The combined results of two independent Lys-6-linked ubiquitin immunoprecipitations lead to the identification of 53 proteins that were present only in the Lys-6-ubiquitin purification and not the untransfected control sample. Forty-eight of the 53 proteins were present in both immunoprecipitations. A protein identification is considered valid when at least two nonredundant peptides from the same protein have been assigned a statistically meaningful log(e) score less than or equal to –3.0. Identified proteins were ranked by their protein abundance factor (31).

Thirty-one of these proteins can be classified as known participants in ubiquitin metabolism (Table 1). This category of proteins includes known or predicted E1 ubiquitin-activating enzymes, E2 ubiquitin-conjugating enzymes, E3 ubiquitin ligases, deubiquitinating enzymes, and proteins with previously identified ubiquitin-binding domains. Interestingly, no subunits of the proteasome were identified, despite the fact that the proteasome is an abundant multiprotein complex with several polyubiquitin receptors (33). The lack of proteasome subunits in this purification is probably related to the apparent nondegradative function of Lys-6-linked polyubiquitin chains.

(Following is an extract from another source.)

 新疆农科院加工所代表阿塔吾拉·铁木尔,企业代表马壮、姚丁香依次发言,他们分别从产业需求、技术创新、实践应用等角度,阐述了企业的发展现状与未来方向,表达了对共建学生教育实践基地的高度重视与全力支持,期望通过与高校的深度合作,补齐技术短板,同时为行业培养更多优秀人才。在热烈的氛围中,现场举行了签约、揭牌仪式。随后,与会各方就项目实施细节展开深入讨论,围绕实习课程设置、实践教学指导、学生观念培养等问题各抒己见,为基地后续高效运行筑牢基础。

A further 22 proteins identified in the Lys-6-ubiquitin immunoprecipitations were specific to the transfected sample and could not be classified as ubiquitin-proteasome pathway proteins. These proteins are considered candidate ubiquitin-interacting proteins (Table 2).

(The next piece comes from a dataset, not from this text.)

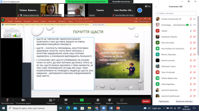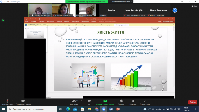 Під час роботи семінару увага здобувачів вищої освіти сфокусувалася на проблемах, які їх хвилюють. Староста 2 групи, 4 курсу факультету аграрного менеджмент та староста наукового гуртка «ДНК Лідера» Таміла Прокопишина емоційно і з орієнтиром на трагічні події сьогодення розкрила та представила учасникам семінару доповідь на тему: «Якість життя. Почуття щастя. Способи забезпечення здорового і щасливого життя людини». В роботі студентка розкрила, які основні аспекти визначають якість життя людини, що щастя кожна людина сприймає і розуміє індивідуально, навела основні складові забезпечення здорового способу життя.

UBE1, WRNIP1, and NAP1 specifically co-immunoprecipitated with ubiquitin (Fig. 1, A and B). However, calmodulin was detected at equal levels in immunoprecipitations from transfected and untransfected cells and is therefore a nonspecific contaminant (Fig. 1A). Both WRNIP1 and NAP1 were detected in purifications of each of the five HA-ubiquitin constructs, suggesting that the ubiquitin interaction is not specific for Lys-6-linked chains.

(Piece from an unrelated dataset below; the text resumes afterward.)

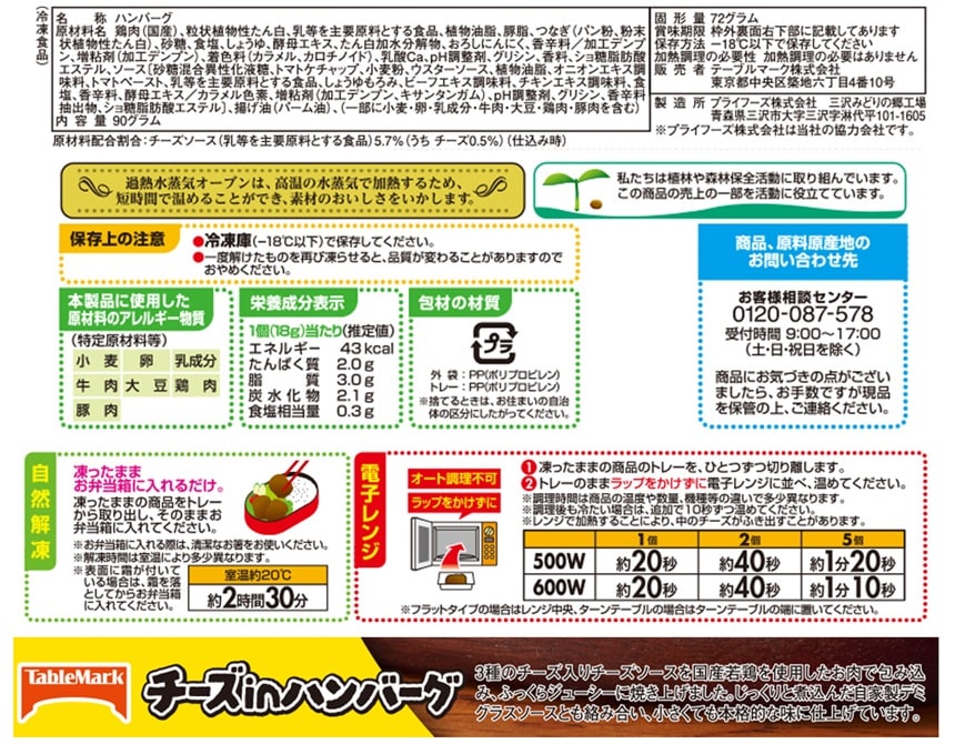 - [冷凍]テーブルマーク チーズinハンバーグ(ミニ) 90g×12袋

WRNIP1 was of particular interest, because it has been implicated in the cellular response to DNA damage, but little is known about its function. WRNIP1 was the ninth most abundant specific protein in the Lys-6-ubiquitin purifications, identified by nine unique tryptic peptides (supplemental Table 2). Since WRNIP1 appears to constitute a potential link between DNA repair and ubiquitination, we decided to further investigate the WRNIP1 interaction with ubiquitin.

View larger version (74K): [in this window] [in a new window]   FIGURE 1. WRNIP1 interacts with polyubiquitin chains. A, WRNIP1 co-immunoprecipitates with multiple types of polyubiquitin chains. The HA-tagged ubiquitin constructs are each mutated such that only the indicated lysine (K) is available for interubiquitin conjugation. HEK293 cells were transfected, immunoprecipitated (IP), and blotted as indicated. B, NAP1 and UBE1 specifically co-immunoprecipitate with ubiquitin. HEK293 cells were co-transfected with the indicated constructs, and the lysates or immunoprecipitations (IP) were subjected to Western blot.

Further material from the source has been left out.